» Instructions to follow
Line by line, transcribe the data below exactly and pass over the images.

» Data
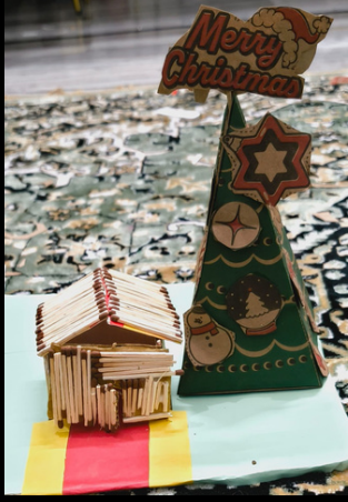
Dakshit Class - Prep Sr.
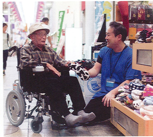
「おおきに!」「ほな、よろしゅう」 大阪人らしい活気が毎日の日常に彩を加えます

コミュニティスペース「イマ」でのイベント。体操や手芸教室などの定期的なイベントからバザーや夏祭りなどの大きなイベントまであります。

» Task response
Dakshit Class - Prep Sr.
「おおきに!」「ほな、よろしゅう」 大阪人らしい活気が毎日の日常に彩を加えます

コミュニティスペース「イマ」でのイベント。体操や手芸教室などの定期的なイベントからバザーや夏祭りなどの大きなイベントまであります。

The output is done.